For this exercise, return exactly the lines of the material below that begin at the one with "Portrait of a" and stop after the one with "La veille aussi, faites".

Provided data START

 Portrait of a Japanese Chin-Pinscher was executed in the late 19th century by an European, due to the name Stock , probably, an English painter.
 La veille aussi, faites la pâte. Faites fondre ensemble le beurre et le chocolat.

Provided data END
Provided data START

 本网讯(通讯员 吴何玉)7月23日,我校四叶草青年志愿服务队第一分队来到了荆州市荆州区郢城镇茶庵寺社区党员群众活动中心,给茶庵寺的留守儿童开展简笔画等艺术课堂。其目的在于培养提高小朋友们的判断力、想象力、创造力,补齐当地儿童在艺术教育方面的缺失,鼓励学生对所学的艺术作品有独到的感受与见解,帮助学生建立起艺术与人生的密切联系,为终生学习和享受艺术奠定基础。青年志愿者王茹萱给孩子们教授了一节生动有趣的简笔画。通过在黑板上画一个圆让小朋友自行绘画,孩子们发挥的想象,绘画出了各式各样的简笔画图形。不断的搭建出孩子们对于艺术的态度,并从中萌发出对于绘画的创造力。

Provided data END

Answer box:
 Portrait of a Japanese Chin-Pinscher was executed in the late 19th century by an European, due to the name Stock , probably, an English painter.
 La veille aussi, faites la pâte. Faites fondre ensemble le beurre et le chocolat.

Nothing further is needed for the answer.